Start of Data provided
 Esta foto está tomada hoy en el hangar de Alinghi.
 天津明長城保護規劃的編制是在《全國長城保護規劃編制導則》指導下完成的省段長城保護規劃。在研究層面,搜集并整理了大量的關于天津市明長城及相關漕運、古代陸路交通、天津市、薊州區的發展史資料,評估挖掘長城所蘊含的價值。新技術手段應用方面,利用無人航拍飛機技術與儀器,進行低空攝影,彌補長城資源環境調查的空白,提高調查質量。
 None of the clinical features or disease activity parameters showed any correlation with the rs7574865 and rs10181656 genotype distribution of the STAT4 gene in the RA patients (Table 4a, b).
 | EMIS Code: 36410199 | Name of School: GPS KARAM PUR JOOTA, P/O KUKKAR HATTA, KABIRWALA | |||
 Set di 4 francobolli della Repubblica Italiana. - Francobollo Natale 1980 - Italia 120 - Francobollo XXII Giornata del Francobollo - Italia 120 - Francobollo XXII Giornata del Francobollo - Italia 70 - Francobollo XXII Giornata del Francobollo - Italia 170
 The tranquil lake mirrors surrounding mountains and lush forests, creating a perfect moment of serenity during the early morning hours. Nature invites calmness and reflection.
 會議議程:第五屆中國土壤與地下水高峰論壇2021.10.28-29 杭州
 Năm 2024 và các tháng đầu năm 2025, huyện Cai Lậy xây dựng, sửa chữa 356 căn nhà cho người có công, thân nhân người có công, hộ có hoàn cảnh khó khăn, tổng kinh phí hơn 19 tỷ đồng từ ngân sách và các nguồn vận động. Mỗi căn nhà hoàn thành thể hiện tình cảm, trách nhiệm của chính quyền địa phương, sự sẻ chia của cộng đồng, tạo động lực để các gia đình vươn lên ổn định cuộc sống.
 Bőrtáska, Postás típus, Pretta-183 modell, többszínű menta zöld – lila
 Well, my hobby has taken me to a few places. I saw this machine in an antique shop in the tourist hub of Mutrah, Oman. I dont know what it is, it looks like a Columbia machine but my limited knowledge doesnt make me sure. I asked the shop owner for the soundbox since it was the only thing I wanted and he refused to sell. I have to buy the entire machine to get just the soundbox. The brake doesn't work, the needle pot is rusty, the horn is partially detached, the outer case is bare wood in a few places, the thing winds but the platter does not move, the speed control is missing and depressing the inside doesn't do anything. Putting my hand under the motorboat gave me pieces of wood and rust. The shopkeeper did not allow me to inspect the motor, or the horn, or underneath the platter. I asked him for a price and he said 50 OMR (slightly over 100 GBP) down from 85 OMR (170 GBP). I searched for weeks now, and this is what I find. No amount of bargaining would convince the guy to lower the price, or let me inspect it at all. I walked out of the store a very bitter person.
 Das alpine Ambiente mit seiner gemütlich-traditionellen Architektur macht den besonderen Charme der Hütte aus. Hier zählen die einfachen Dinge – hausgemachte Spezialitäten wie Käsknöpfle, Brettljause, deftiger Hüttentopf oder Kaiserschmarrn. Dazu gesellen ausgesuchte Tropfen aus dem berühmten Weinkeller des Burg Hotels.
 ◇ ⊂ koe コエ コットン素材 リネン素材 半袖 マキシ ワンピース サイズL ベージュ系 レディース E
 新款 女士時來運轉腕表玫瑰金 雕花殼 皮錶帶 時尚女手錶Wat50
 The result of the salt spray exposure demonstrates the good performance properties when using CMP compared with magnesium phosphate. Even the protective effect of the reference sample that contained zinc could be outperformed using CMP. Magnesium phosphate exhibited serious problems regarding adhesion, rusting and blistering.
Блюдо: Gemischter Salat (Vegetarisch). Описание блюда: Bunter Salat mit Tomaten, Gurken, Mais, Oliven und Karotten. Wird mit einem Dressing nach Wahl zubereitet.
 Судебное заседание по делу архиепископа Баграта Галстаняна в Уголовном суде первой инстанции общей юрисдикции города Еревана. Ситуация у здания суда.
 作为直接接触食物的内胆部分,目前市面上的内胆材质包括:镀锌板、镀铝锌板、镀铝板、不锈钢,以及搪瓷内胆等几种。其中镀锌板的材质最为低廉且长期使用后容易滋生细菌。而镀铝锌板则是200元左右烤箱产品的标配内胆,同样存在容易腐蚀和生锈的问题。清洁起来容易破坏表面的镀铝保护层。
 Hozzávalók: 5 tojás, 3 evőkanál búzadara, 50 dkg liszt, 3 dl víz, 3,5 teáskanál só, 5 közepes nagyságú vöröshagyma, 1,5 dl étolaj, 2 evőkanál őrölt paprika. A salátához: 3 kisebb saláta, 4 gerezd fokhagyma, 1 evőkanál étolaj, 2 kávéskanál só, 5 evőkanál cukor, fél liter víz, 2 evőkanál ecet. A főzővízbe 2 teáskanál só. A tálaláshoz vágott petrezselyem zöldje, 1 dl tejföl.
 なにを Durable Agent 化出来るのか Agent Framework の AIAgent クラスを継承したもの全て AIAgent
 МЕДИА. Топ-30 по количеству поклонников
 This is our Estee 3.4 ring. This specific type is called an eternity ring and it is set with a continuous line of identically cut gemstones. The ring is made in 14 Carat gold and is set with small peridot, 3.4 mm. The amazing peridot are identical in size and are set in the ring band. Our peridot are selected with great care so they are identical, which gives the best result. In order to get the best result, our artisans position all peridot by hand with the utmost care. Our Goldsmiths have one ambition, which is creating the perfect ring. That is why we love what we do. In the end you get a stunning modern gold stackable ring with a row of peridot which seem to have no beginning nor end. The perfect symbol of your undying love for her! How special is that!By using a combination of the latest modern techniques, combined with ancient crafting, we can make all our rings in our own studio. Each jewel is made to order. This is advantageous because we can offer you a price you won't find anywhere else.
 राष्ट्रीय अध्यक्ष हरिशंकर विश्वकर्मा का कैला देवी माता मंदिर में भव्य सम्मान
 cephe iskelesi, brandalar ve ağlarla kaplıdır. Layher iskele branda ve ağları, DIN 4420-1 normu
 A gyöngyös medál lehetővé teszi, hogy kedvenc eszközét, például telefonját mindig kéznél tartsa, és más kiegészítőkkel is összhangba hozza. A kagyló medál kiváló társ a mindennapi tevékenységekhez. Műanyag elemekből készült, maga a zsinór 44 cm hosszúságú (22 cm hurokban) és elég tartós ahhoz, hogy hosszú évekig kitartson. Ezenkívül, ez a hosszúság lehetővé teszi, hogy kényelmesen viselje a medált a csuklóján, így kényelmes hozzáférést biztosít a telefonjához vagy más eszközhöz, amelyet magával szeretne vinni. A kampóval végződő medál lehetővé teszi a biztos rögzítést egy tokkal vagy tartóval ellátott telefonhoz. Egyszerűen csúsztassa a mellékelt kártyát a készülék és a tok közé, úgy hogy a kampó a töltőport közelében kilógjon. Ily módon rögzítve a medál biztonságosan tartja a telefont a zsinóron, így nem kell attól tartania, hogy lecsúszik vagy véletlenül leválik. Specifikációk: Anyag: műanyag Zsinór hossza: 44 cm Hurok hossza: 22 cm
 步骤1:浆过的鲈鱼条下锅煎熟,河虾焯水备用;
End of Data provided
• Task prompt: Print only what lies in the material above starting at the line with "なにを Durable Agent" and ending at the line with "cephe iskelesi, brandalar", every line exactly as given.

• Solution to the problem:
 なにを Durable Agent 化出来るのか Agent Framework の AIAgent クラスを継承したもの全て AIAgent
 МЕДИА. Топ-30 по количеству поклонников
 This is our Estee 3.4 ring. This specific type is called an eternity ring and it is set with a continuous line of identically cut gemstones. The ring is made in 14 Carat gold and is set with small peridot, 3.4 mm. The amazing peridot are identical in size and are set in the ring band. Our peridot are selected with great care so they are identical, which gives the best result. In order to get the best result, our artisans position all peridot by hand with the utmost care. Our Goldsmiths have one ambition, which is creating the perfect ring. That is why we love what we do. In the end you get a stunning modern gold stackable ring with a row of peridot which seem to have no beginning nor end. The perfect symbol of your undying love for her! How special is that!By using a combination of the latest modern techniques, combined with ancient crafting, we can make all our rings in our own studio. Each jewel is made to order. This is advantageous because we can offer you a price you won't find anywhere else.
 राष्ट्रीय अध्यक्ष हरिशंकर विश्वकर्मा का कैला देवी माता मंदिर में भव्य सम्मान
 cephe iskelesi, brandalar ve ağlarla kaplıdır. Layher iskele branda ve ağları, DIN 4420-1 normu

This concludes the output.